Have We Forgotten the Power of Touch?
Jean was in her 80s when she first came to see me for massage therapy. She suffered with severe pain in her hip where age and arthritis had conspired to cripple her, but had only succeeded in making her walker-dependant.
From the moment I touched Jean, I could feel the loneliness that plagued her. A widow who lived alone, she had grace and humor, but also emotional hurt. "I wish my friends could feel this," Jean said to me in a whisper one afternoon. "I don't think they'd be afraid of dying anymore. Getting a rub down would help them, whoop!, just float away to the Big Guy."
Sasha and Martin were brother and sister living in a foster home. Their foster parents loved them and were doing everything they knew to help the two children heal from their abusive childhood. But the children were unable to bond and the family was struggling.
One day the mother brought them to our healthy touch program for kids where we give children mini-massages on their shoulders as well as hands and scalp while telling familiar songs and stories. At first, they didn't want to participate, but by the end of the class when I asked if they had any questions, Martin raised his hand and with a sheepish grin said "When are you coming back to give us more hugs?"

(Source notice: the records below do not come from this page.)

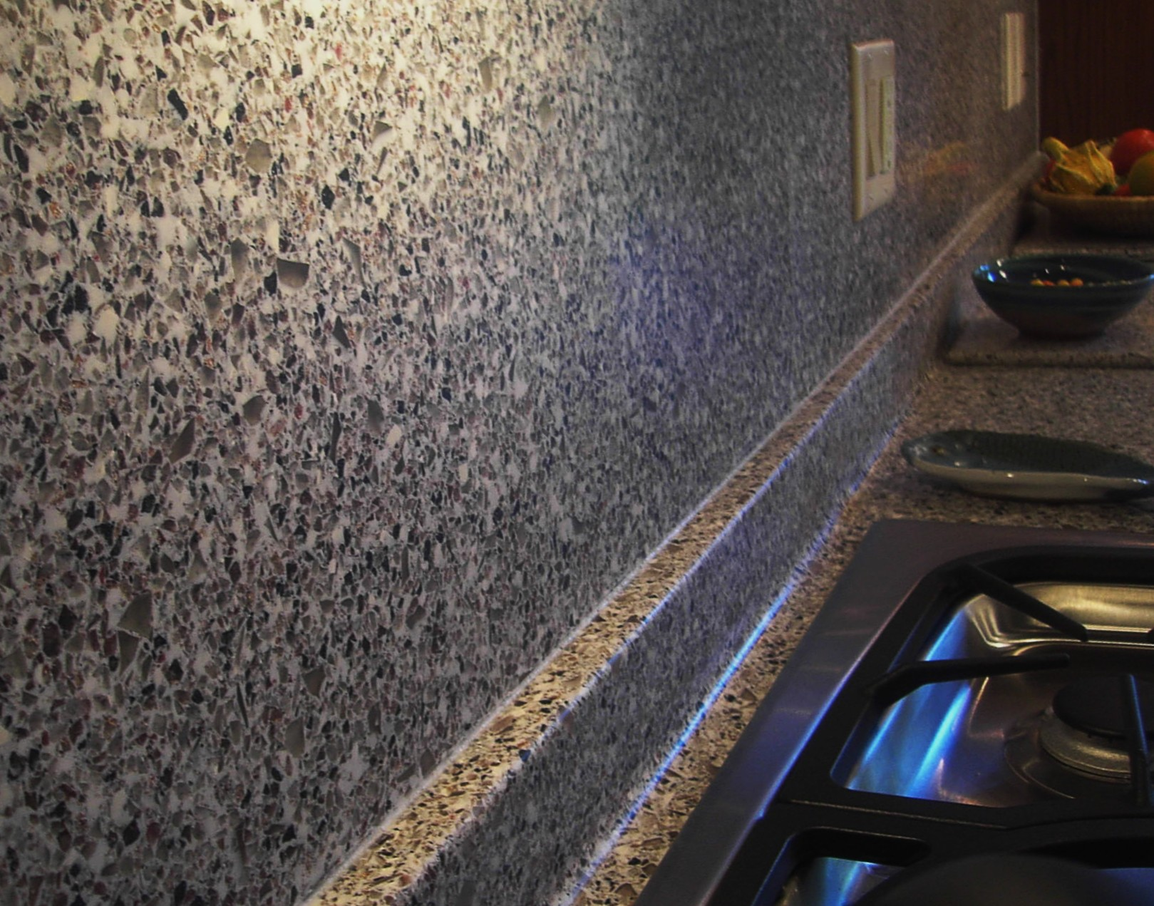 Solid surface used in a vertical application.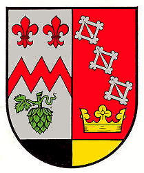 Coat of arms of Würzweiler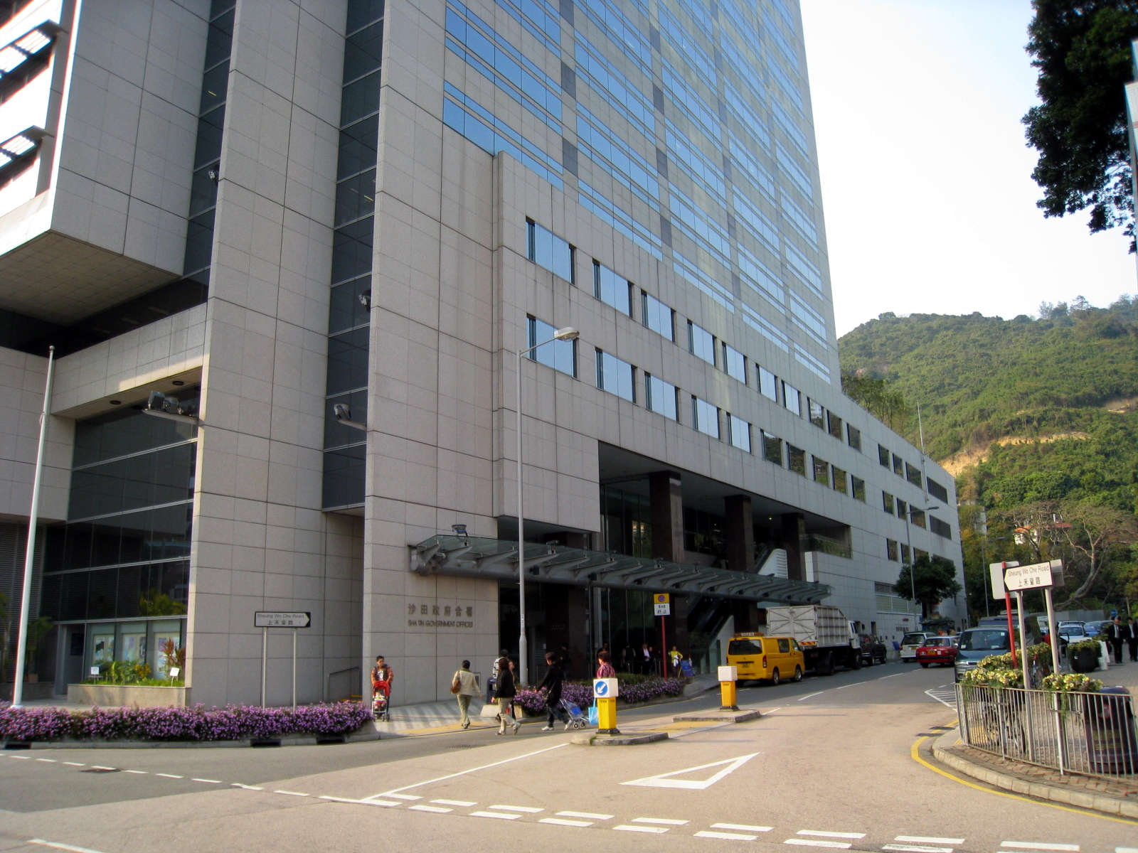 HK Sha Tin Government Offices Enterance

In over ten years working as a massage therapist in private practice and facilitating community programs for children and adults, I have witnessed the power of healthy touch to heal, deliver, redeem, and restore people in mind, body, and spirit. Loving touch has the power to draw out the introverted autistic child, make an outcast teenager feel accepted, or communicate safety to a battered woman. Healthy, loving touch reminds us of our God-given worth and identity.
Research affirms the many benefits of touch. Studies conducted by the Touch Institute in Miami indicate the improvements in sleep and digestion among infants who are massaged regularly. Healthy touch releases endorphins such as the bonding hormone oxytocin and can calm the aggressive behavior of adolescents. Holding hands or giving and receiving hugs on a regular basis can lower blood pressure and calm a racing heartbeat.
"Touch is without a doubt one of the most, if not the most powerful means of communication we have available to us as human beings" says James Smith, counselor at Willow Tree Christian Counseling in Northern Ireland. "We may speak, express ourselves through words, tone and the volume of our voice, or body language, however nothing comes close to touch."